Foyles was Hatt's first solo exhibition in London and it was opened by Douglas Cleverdon. He observed, "It seems to me that here is a world of order and construction very carefully conceived and carrying on the best traditions of the post impressionists. In particular one sees the influence of such French painters as Léger, but there is not only the French influence, but also the clear English influence as well." In his review of the exhibition John Berger also acknowledged the influence of Léger on Hatt and added, "She has a good sense of colour and has something to say..." Hatt was elected an associate of the Royal West of England Academy (RWA) in 1949.

== Personal life ==
Her lifelong partner was Margery Mack Smith (1890-1975), a weaver, and primary school teacher.
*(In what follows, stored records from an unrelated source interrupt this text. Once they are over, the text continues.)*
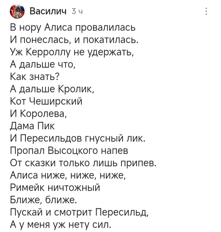 Но сначала стихи замечательные нашего Василича, как эпиграф: Мой не самый лучший и не честный, предвзятый отзыв о фильме, который я не смотрела и не стану смотреть. Да, вот такой пердимонокль. Не хочется абсолютно смотреть на то, как рушатся последние воспоминания детства, его ощущения от замечательной сказки Люиса Кэррола. Вы знаете, я и мульт не особо любила, по песням Высоцкого, но сейчас понимаю, что это была неумная позиция ребенка. Мультфильм был дико стильным по тем временам. Импортным. И песни для него Высоцкий писал как раз в то время, когда Марина Влади сыграла Алису во Франции. Может поэтому у меня было такое ощущение? Попробую объяснить это на примере одной из моих первых детских книг. Дело в том, что будучи малявкой еще, я жила год в Эстонии, и часто болела тогда. Мама купила мне книжку красивую, красочную, чтобы меня развлечь. Про принцессу Тимбу- Лимбу, вроде бы. У нее были желто - красные волосы, дикий макияж и экстравагантнейшие наряды по тем временам. Вот точно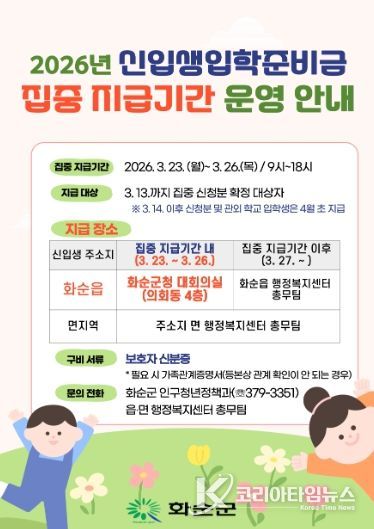 코리아타임뉴스 노승선 기자 | 화순군은 2026학년도 초‧중‧고등학교 신입생 가정의 교육비 부담을 덜고 보편적 교육복지를 실현하기 위해 입학준비금을 3월 23일부터 지급한다고 밝혔다.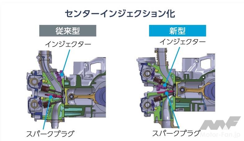 着いた火を消さないように制御するのは、基本的にシリンダー内の空気の流れ(タンブル流)を強化することで対応したという。S/B比(ストローク/ボア比)をロングストローク化することで吸気流速が高まったため、タンブル・ジェネレーターバルブは新型では廃止された。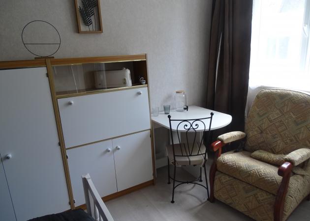 Équipements pour vos repas et petits-déjeuners : machine à café, bouilloire, grille-pain, micro-ondes et frigo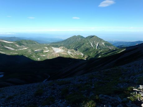 ▼8/22)雄山から望む、後立山連峰 白馬岳〜五龍岳〜鹿島槍ケ岳 |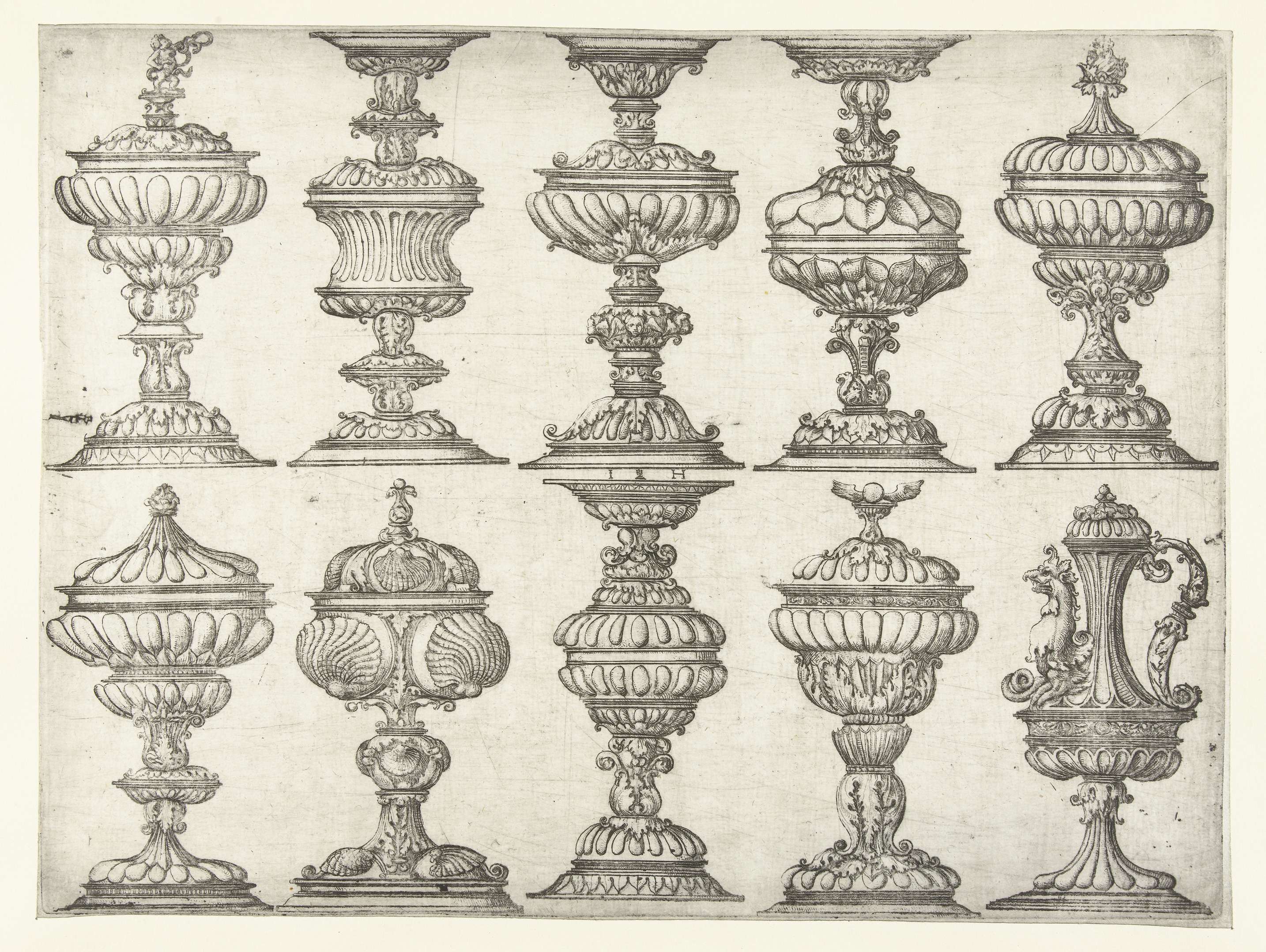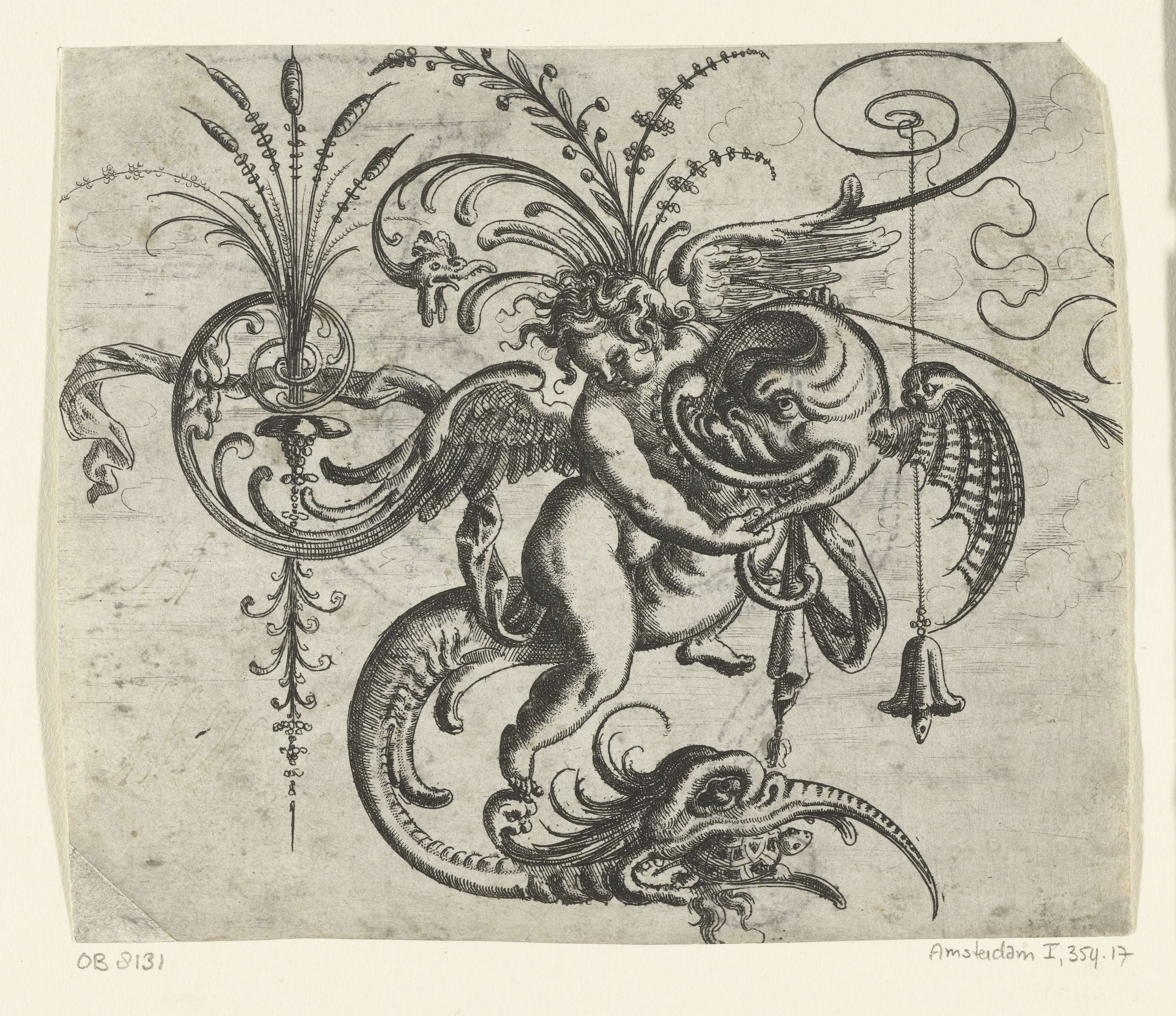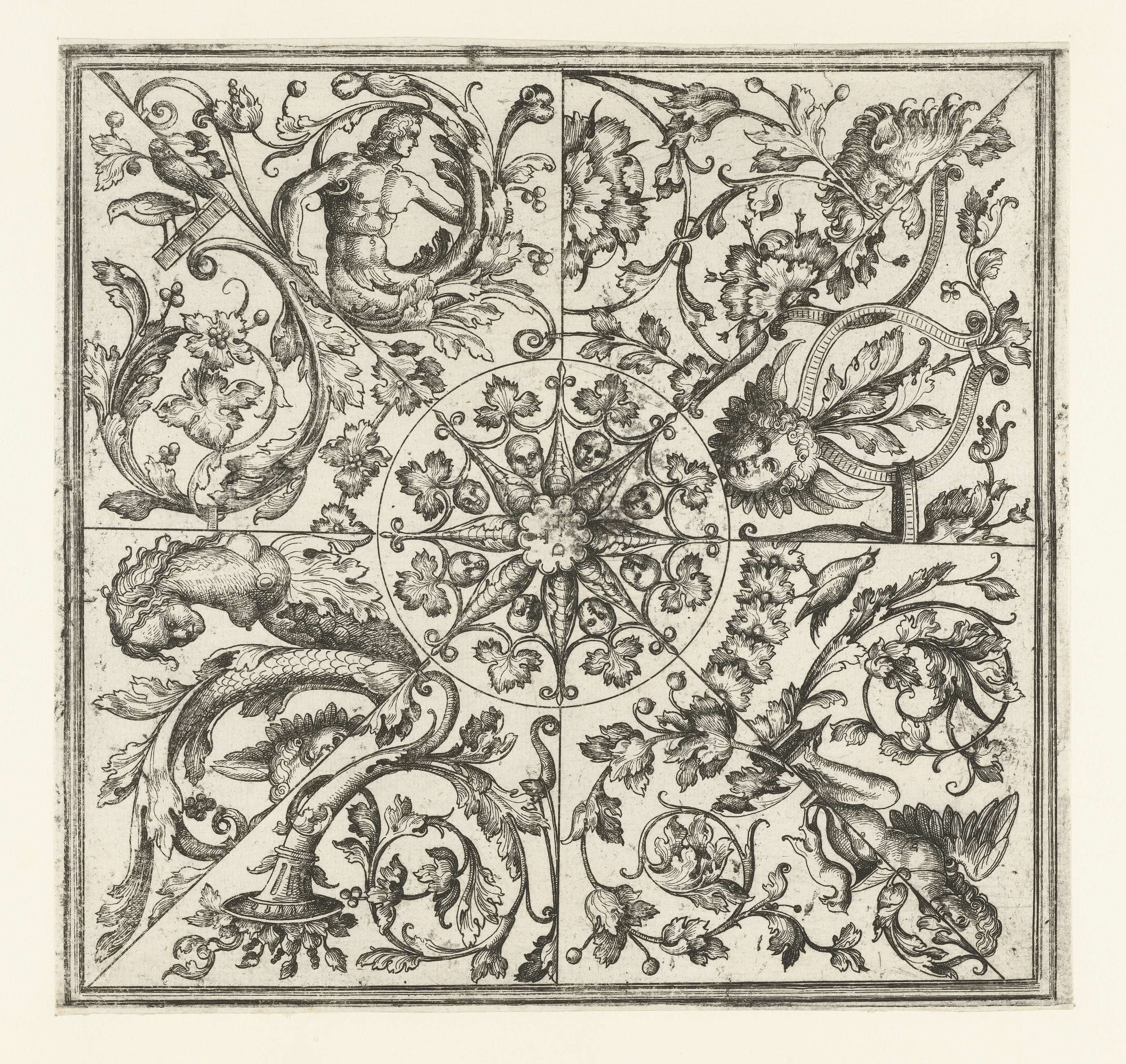 Vlakdecoraties, links de helft van een kandelaber, r...

It is thanks to Smith that a number of Hatt's sketchbooks and folios of working drawings have been preserved. Soon after Hatt died on 27 August 1969, a significant quantity of her correspondence and personal records were burned by a relative to conceal her life as a feminist and a lesbian. Two chests of material had already been moved to Smith's home in Watchet and were preserved.

== Death and legacy ==
When Hatt died, in keeping with her wish, her body was donated to medical research. She has no memorial beyond her art.

From March–June 2019 a major retrospective exhibition featuring over 70 of her paintings was held at the Museum of Somerset in Taunton.

A small exhibition of watercolours, prints and drawings was staged in June 2021 as part of the Clevedon Literary Festival.